The Four Stages of Endometriosis

A system of classification or staging of endometriosis is useful in order to better describe the disease, develop better diagnostic modalities and treatments as well as to enhance research and standardize communication between scientists and health professionals.

Endometriosis appears in many different forms with a wide variety of clinical presentations depending on the extension of the disease, organs affected and individual circumstances. Therefore a unified consensus classification system for the stages of the disease is not a simple task.

The system is divided into four stages or grades according to the number of lesions and depth of infiltration: minimal stage (I), mild stage (II), moderate stage (III) and severe stage (IV). The system allows for a way to numerically scale the disease. A score of 15 or less indicates minimal or mild disease. A score of 16 or higher may indicate moderate or severe disease. As mentioned before, the severity or the score of the disease does not necessarily correlate to the level of pain or presence of other symptoms.

Key Terms Involved in the I–IV Staging System

The ASRM defines the following terms:

•Endometriosis implants: These are endometrial cells, which typically grow inside of the uterus, that grow and spread outside of the uterus. Endometrial lesions are generally small and flat.


•Endometrial adhesion’s: These are clusters of fibrous tissue that form in bands. Endometrial adhesion’s can bind organs together. Typically, those include the abdominal and pelvic organs.

•Ovarian endometriomas: Also known as chocolate cysts, these blood-filled cysts turn brown over time. The cysts grown on the ovaries endometrial cells spread and grow there.

Filmy adhesion’s: Thin bands of scar tissue that form in response to the body’s attempts to protect itself from the inflammation caused by endometriosis.(They can also form because of the surgeries used to diagnose and treat it.)

Adhesion’s tend to make organs to stick together, which can cause sharp, stabbing pain, as well as other symptoms depending on their location. For example, when on the reproductive organs, adhesion’s can make it harder for someone to get pregnant. Adhesion’s on the bowel may lead to gastrointestinal symptoms, such as nausea.

Stage 1 Endometriosis

Stage 1, or “minimal” endometriosis, is used for cases that:

•Involve few small and superficial endometrial growths.
•Have growths on organs or the tissue that lines the pelvis and abdominal cavity.
•Show minimal or no scar tissue.

There a few small implants or small wounds or lesions. They may be found on your organs or the tissue lining your pelvis or abdomen. There’s little to no scar tissue.

Stage 2 Endometriosis

Stage 2 endometriosis defines “mild disease.”

•More implants than in stage 1
•Deeper implants than in stage 1
•Possible scar tissue, but no signs of active inflammation.
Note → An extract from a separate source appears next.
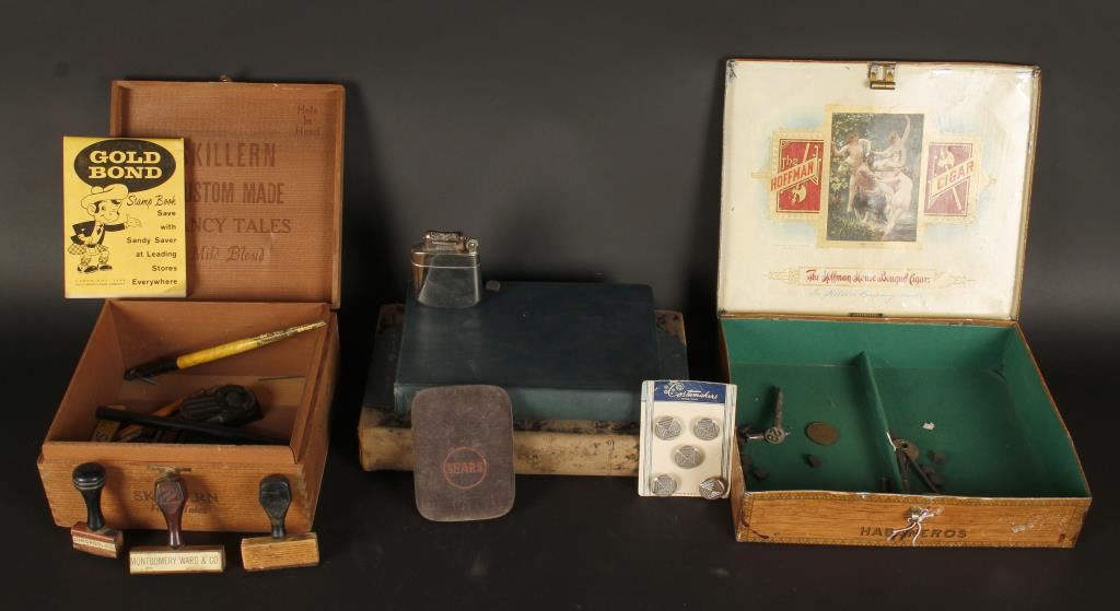 The Hoffman House Bouquet Vintage Cigar Tin, Image of nudes inside lid. Green cloth lining. With losses to paint and dents in metal. Approx 10" x 8-1/2" x 2". And books including (1) "The National Magazine Devoted to Literature, Art, and Religion" Volume I July to December, 1852. (1) "The United States and Peace" by William H Taft, 1914.(1) Gold Bond stamp book 1948, with some pages filled in with stamps. (1) Vintage Sears lighter in case. And more.

At this stage, there is evidence of: More implants than in stage 1. They’re also deeper in the tissue, and there may be some scar tissue.

Stage 3 Endometriosis

•Cysts (ovarian endometriosis) in at least one of the ovaries
•Filmy adhesion’s (in some cases)
•Many deep endometrial implants.

This is also known as moderate endometriosis. With stage III, deep implants are present. Also, adhesion’s may be dense instead of filmy and thin. As a result, endometriosis is more widespread than in Stage II.

Stage 4 Endometriosis

Stage 4 endometriosis is the most severe. At this stage, there are:

•A large number of cysts
•Severe adhesion’s

This is also known as severe endometriosis. With stage IV, deep implants and dense adhesion’s are present. There may be superficial endometriosis and filmy adhesion’s, but the disease is more widespread than in Stage III.

While staging endometriosis is comparatively straightforward, diagnosing endometriosis in the first place can be challenging. This is partly because many common symptoms, such as pelvic and abdominal pain, can be caused by other health conditions,

Although endometriosis currently has no cure, therapies can help individuals manage their symptoms. Fertility specialists personalize their treatment plans for each patient. Treatments are generally the same regardless of the stage of the illness.